If you have small children (or if you have spent much time around them), you know how much they love to help. They love getting to do things normally reserved for grown-ups, and they genuinely love doing things to make other people smile. So why is it, then, that when churches plan service projects, they leave out this very important part of their congregation?
I’ve been to a LOT of churches and participated in a lot of service projects and community outreaches, and yet I’m having trouble coming up with a single example of a time when I’ve seen a service project designed specifically for children. Adults, absolutely. Teenagers, sure. Upper elementary or middle school, sometimes. But our littlest ones? It seems like we spend so much time serving them that we completely forget to give them opportunities to serve others, other than teaching them how to share.

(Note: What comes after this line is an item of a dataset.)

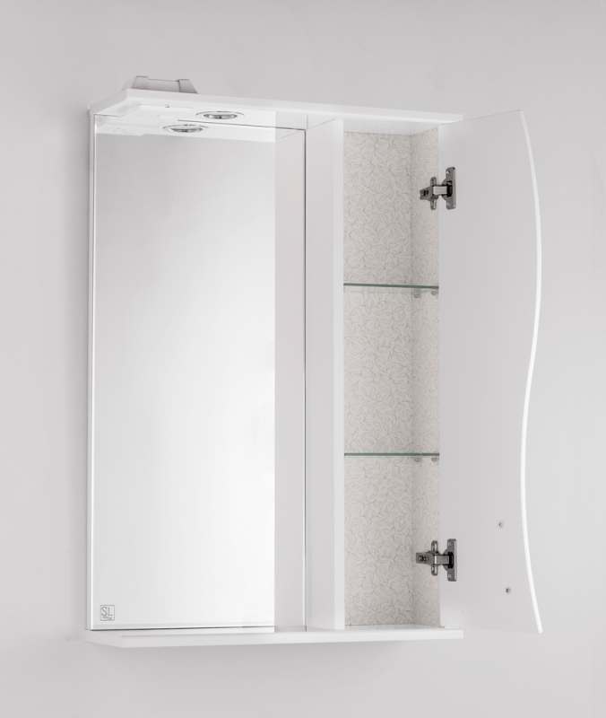 Зеркало со шкафом Style Line Эко волна Панда 55 С с подсветкой Белый глянец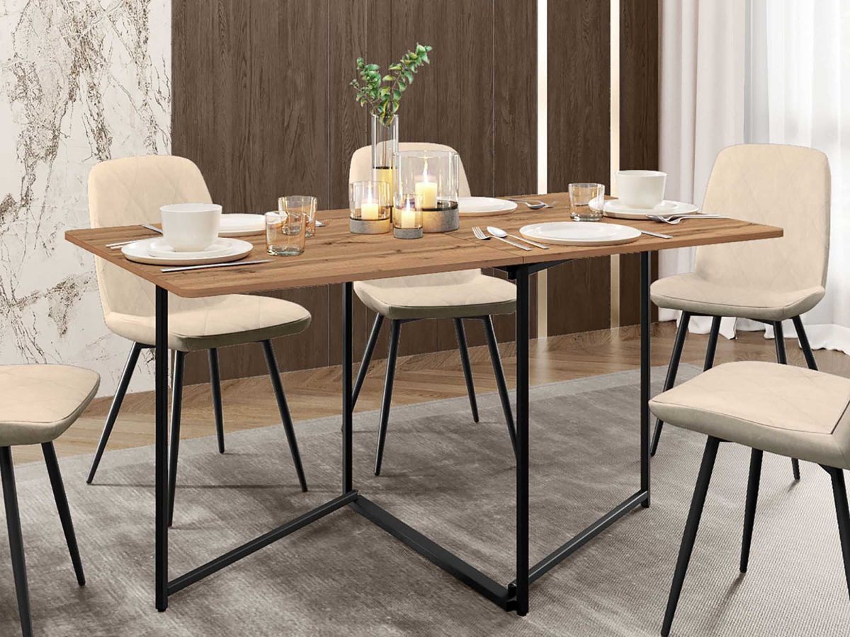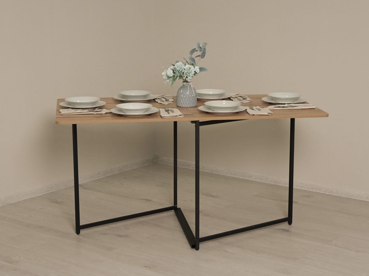 «Колибри 16 Дуб Вотан/Черный» – это идеальное решение для экономии пространства и создания стильной обеденной зоны. Функциональный стол-книжка выполнен в благородном оттенке натурального дерева.

Want children who are passionate about helping other people? Who reach out to others as a natural way of life? Who notice and tend to the needs of the hurting around them? Start them out young. I promise they will love it, and it’s so, so good for them too. Here are nine service projects your preschooler can do, seven of which my son did before he ever started school.
1. Visiting at a Local Nursing Home or Hospital
Have a preschooler who is naturally outgoing and talkative? Take them to a nursing home or hospital to visit. So many people at these places are lonely, with no one to visit them or ask how they are doing. A visit from your sweet and friendly preschooler would absolutely make their day.
2. Putting Together Care Packages for Missionaries, Soldiers or College Kids
Putting together care packages is a simple task that a preschooler could really do a fantastic job with, especially if you are set up assembly-line style. It’s a great chance to model service, to help your preschooler connect with others in your congregation and to start up important conversations about what missionaries and soldiers do and why helping them is important.
3. Helping with a Car Wash
Okay, your preschooler might not be able to do a great job washing an entire car by himself, but he’ll sure have fun trying! From the water to the bubbles to making a soapy mess, this is one service activity that is perfect for little ones.
4. Drawing Pictures for Sick Children
Does your child love to color? Put that love to good use. Have your child draw pictures (or begin to write cards if they know how) for children who are sick. The pictures will brighten their day, and seeing your child hard at work cheering someone else up will warm your heart.
5. Neighborhood Help Days
Occasionally, churches will have neighborhood help days, where they go out into the community and help people with whatever they need. Tasks can vary widely, but there is always something that preschoolers can do. For example, they might help pick up trash off of a playground, spread mulch in someone’s flower bed or help pick up at someone’s house.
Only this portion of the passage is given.